[Records from a data collection]
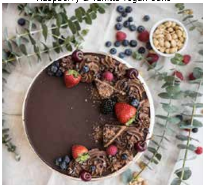
Vegan Snikers Cake
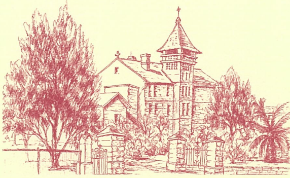
Holy Cross College, founded by the Patrician Brothers, 1891
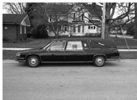
Dr. Cadaver arrives to teach Calculus

"As a math teacher, I understand how important it is for students to see that mathematics can connect with life. Mor-
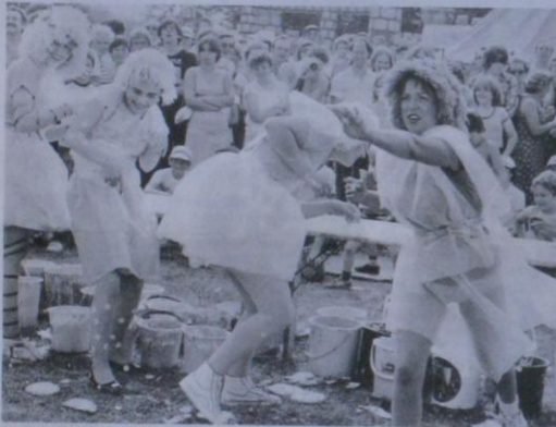
The Marconi Misfits in action—not only custard pies but happiness abounds.
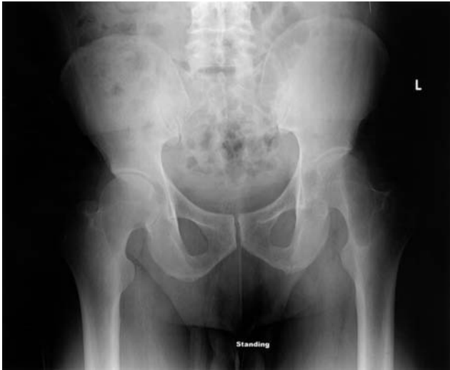
Figure 1. Radiograph of the pelvis shows the sharply marginated left femoral neck lesion without sclerotic margins.
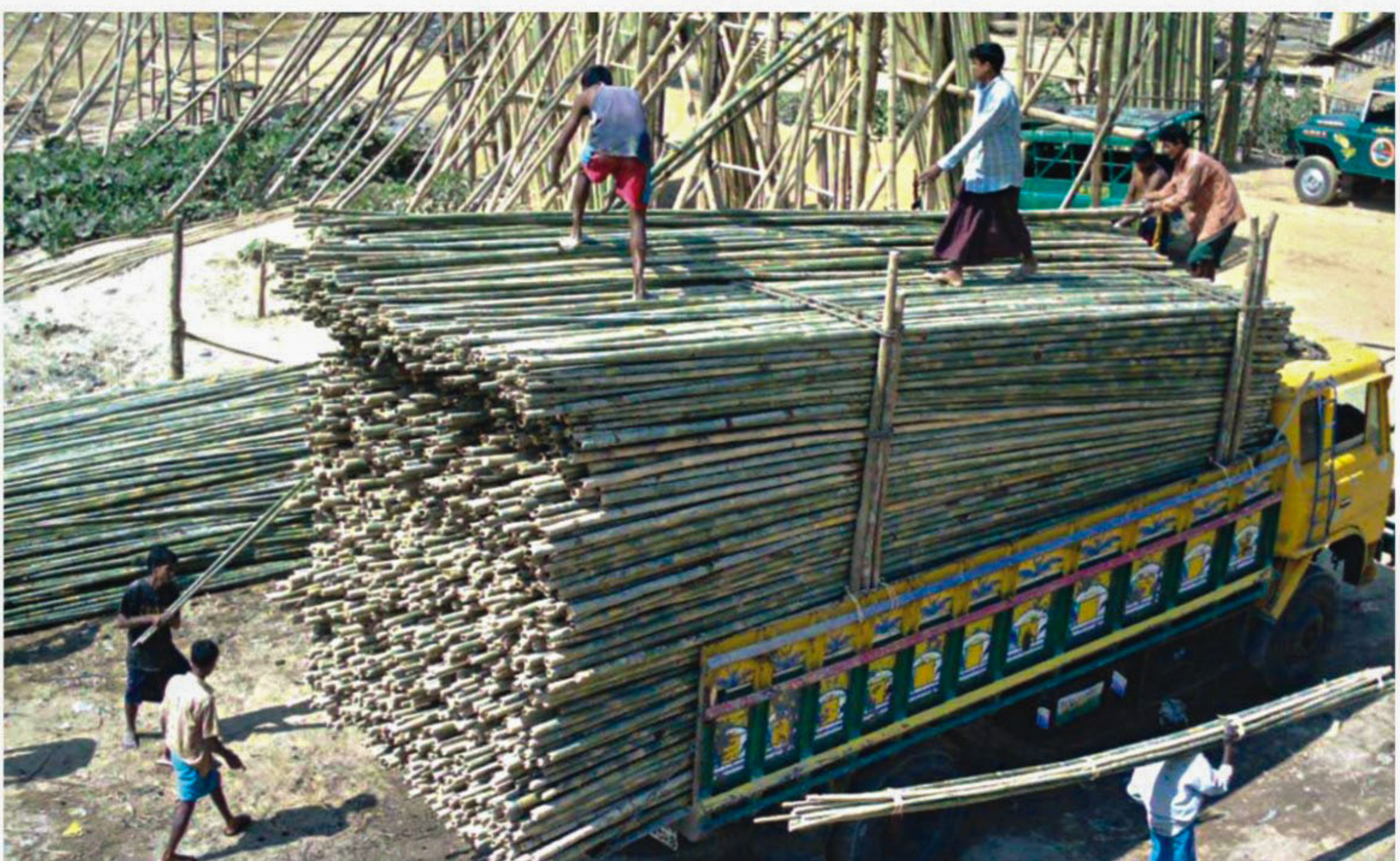
A huge stock of bamboo near the Karnaphuli Paper Mills but the factory is running at one-third its capacity, as suppliers demand high price for the raw material.

> PROBLEM DETAILS
Write out each line again, exactly as it appears above, except for any picture.

> SOLUTION FOR THIS EXERCISE
Vegan Snikers Cake
Holy Cross College, founded by the Patrician Brothers, 1891
Dr. Cadaver arrives to teach Calculus

"As a math teacher, I understand how important it is for students to see that mathematics can connect with life. Mor-
The Marconi Misfits in action—not only custard pies but happiness abounds.
Figure 1. Radiograph of the pelvis shows the sharply marginated left femoral neck lesion without sclerotic margins.
A huge stock of bamboo near the Karnaphuli Paper Mills but the factory is running at one-third its capacity, as suppliers demand high price for the raw material.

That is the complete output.